**EXERCISE REQUIREMENTS**
Take the records below from their first line through the line holding "This large round", and set each of those lines down exactly, without pictures.

*** ENTRIES SHOWN ***

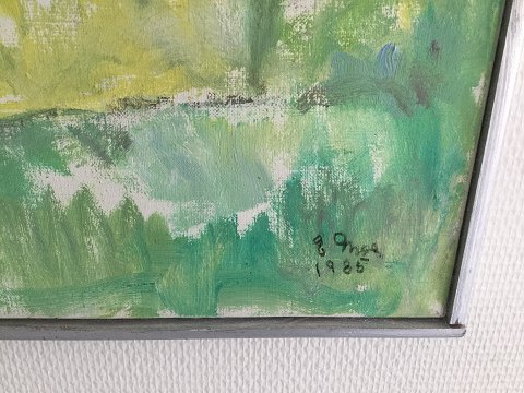 Eigil Moe (1909-89): Landskab 1985. Olie på lærred. Sign.: E. Moe 1985. Bagpå lærred - E. Moe 1985. 65x72 (67x74) Eigil Moe var søn af kunstmaler Andreas Moe.
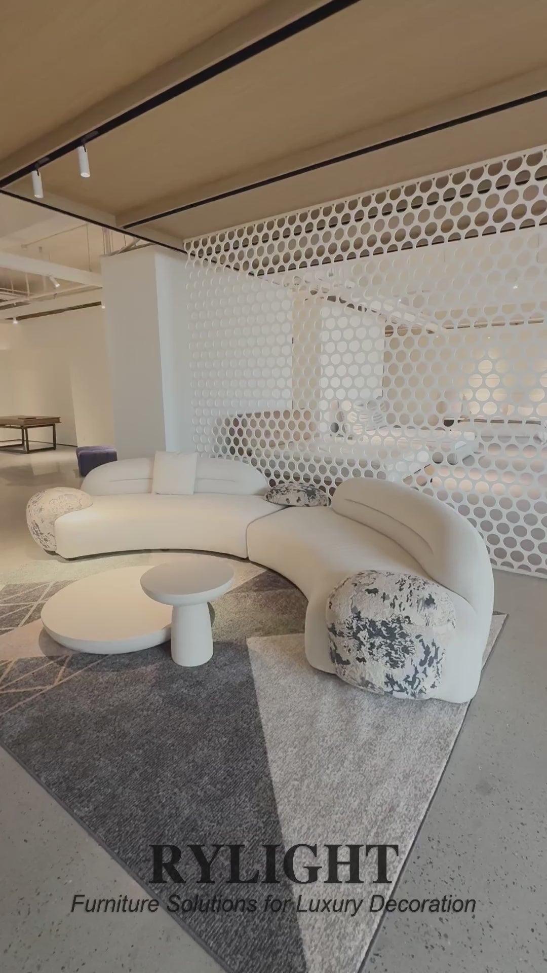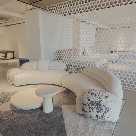 Rylight Contemporary Artistic Patterned Accent Beige Curved Modular Sofa
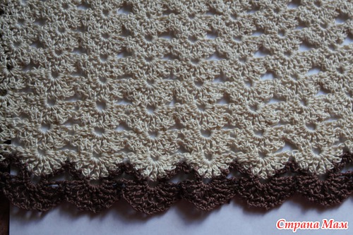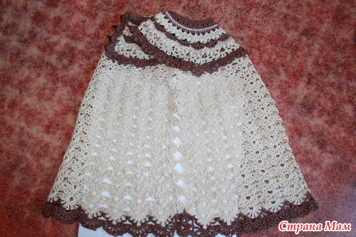 Связав большую часть поняла, что может быть узковато. Распускать не захотелось, решила выкрутиться следующим образом: обвязала обе половинки юбки вот такими столбиками с накидом и соеденила
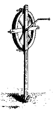 Ein kräftiger, aus Draht gebogener Haken (Nr.1) in Hüfthöhe zum Befestigen der gedrehten Fäden (Kardeel=eine Hälfte einer Schleppleine)
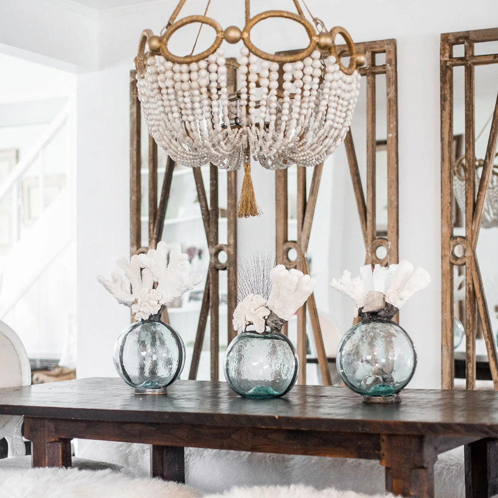 This large round glass float embellished with White Coral, Geode and Selenite is uniquely classy. The Selenite gives this float a modern coastal look. Add this piece to any room in the house for a gorgeous look.
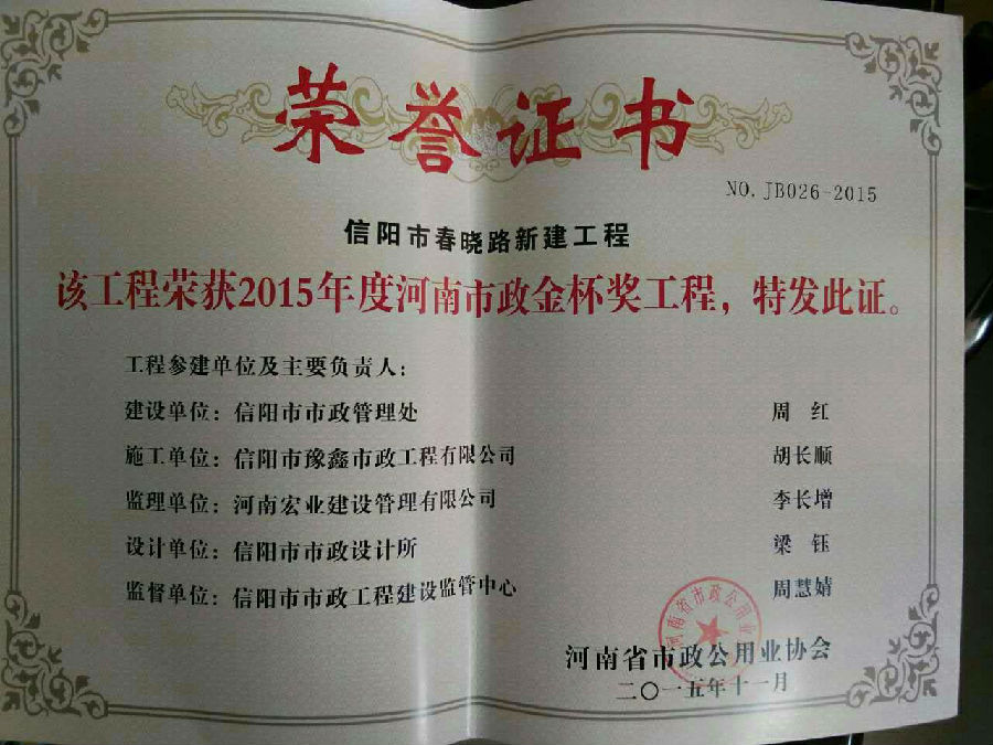 好風憑借力,送我上青云。近年來,公司積極參與城市市政基礎設施建設施工,積極參與市場競爭,先后承擔施工了市政府重點工程南京路道路改造工程、春曉路道路改造工程,東方紅大道道路改造工程、龍江東路新建工程等重點民生工程,其中南京路道路改造工程被省建設廳評為“中州杯”, 春曉路和東方紅大道道路改造工程被省建設廳評為“省優工程”,成為城區一道道亮麗的風景線。參與施工了市典范小區“臺北城上城”、“恒大名都”以及師范學院、職業技術學院、交警支隊和軍區道路工程,參與施工了雞公山管理區、南灣管理區、明港鎮和羅山縣等部分道路小區工程施工,累計大小各類施工工程三百余項,企業影響力不斷擴大、輻射力不斷增強,市場份額不斷提高,企業信譽不斷彰顯,為信陽城市建設做出了積極貢獻,為企業的可持續發展插上了騰飛的翅膀。

*** End of ENTRIES SHOWN ***

**EXPECTED OUTPUT**
 Eigil Moe (1909-89): Landskab 1985. Olie på lærred. Sign.: E. Moe 1985. Bagpå lærred - E. Moe 1985. 65x72 (67x74) Eigil Moe var søn af kunstmaler Andreas Moe.
 Rylight Contemporary Artistic Patterned Accent Beige Curved Modular Sofa
 Связав большую часть поняла, что может быть узковато. Распускать не захотелось, решила выкрутиться следующим образом: обвязала обе половинки юбки вот такими столбиками с накидом и соеденила
 Ein kräftiger, aus Draht gebogener Haken (Nr.1) in Hüfthöhe zum Befestigen der gedrehten Fäden (Kardeel=eine Hälfte einer Schleppleine)
 This large round glass float embellished with White Coral, Geode and Selenite is uniquely classy. The Selenite gives this float a modern coastal look. Add this piece to any room in the house for a gorgeous look.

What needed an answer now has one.